Nothing should appear in the answer except the lines below from the line containing "ดิ เอ็กเซล ไฮด์อะเวย์" through the line containing "In de voortuin", copied exactly, with pictures left out.

---------- The data ----------

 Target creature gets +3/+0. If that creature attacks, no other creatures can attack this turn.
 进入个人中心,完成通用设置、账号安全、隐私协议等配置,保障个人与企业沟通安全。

----------
---------- The data ----------

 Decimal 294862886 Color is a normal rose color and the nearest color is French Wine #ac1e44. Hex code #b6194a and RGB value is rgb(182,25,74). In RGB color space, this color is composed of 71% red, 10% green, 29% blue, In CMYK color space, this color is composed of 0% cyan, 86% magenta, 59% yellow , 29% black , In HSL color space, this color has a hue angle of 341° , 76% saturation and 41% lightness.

----------
---------- The data ----------

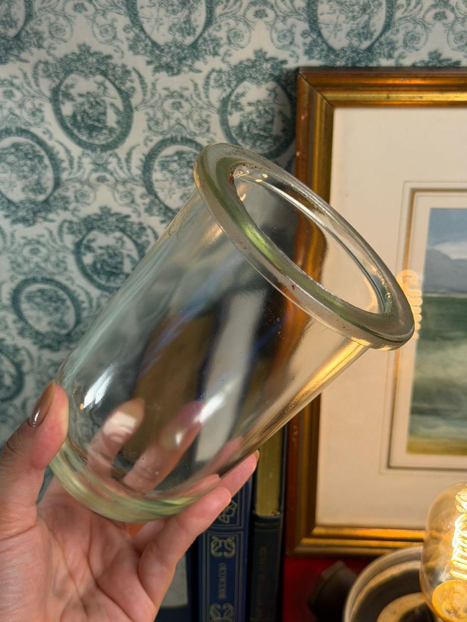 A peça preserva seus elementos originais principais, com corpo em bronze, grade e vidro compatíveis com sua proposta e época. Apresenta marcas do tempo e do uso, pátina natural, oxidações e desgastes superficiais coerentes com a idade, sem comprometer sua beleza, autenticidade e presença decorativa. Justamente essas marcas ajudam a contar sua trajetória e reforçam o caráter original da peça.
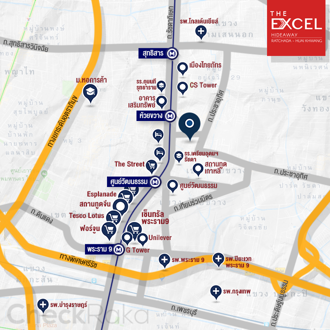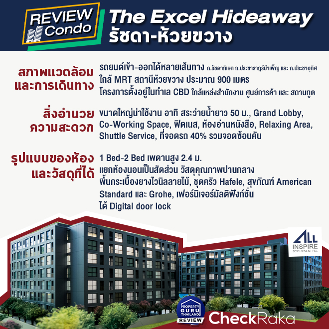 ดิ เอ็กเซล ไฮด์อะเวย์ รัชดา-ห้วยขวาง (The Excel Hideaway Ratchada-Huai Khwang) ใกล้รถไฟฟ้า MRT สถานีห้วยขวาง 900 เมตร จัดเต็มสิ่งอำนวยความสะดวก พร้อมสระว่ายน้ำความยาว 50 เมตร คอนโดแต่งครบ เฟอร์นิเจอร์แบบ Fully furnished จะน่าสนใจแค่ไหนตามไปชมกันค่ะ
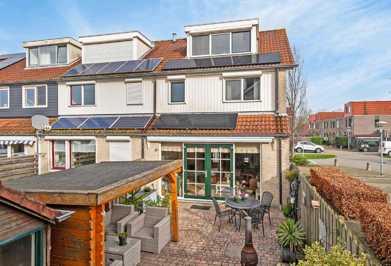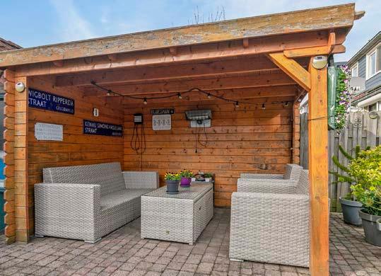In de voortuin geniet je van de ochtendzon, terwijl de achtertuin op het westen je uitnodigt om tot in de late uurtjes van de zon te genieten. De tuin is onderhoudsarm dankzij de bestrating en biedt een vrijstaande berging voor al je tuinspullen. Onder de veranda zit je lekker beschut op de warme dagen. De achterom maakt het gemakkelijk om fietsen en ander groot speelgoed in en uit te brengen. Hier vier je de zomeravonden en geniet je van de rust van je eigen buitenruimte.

----------

Solution –
 ดิ เอ็กเซล ไฮด์อะเวย์ รัชดา-ห้วยขวาง (The Excel Hideaway Ratchada-Huai Khwang) ใกล้รถไฟฟ้า MRT สถานีห้วยขวาง 900 เมตร จัดเต็มสิ่งอำนวยความสะดวก พร้อมสระว่ายน้ำความยาว 50 เมตร คอนโดแต่งครบ เฟอร์นิเจอร์แบบ Fully furnished จะน่าสนใจแค่ไหนตามไปชมกันค่ะ
In de voortuin geniet je van de ochtendzon, terwijl de achtertuin op het westen je uitnodigt om tot in de late uurtjes van de zon te genieten. De tuin is onderhoudsarm dankzij de bestrating en biedt een vrijstaande berging voor al je tuinspullen. Onder de veranda zit je lekker beschut op de warme dagen. De achterom maakt het gemakkelijk om fietsen en ander groot speelgoed in en uit te brengen. Hier vier je de zomeravonden en geniet je van de rust van je eigen buitenruimte.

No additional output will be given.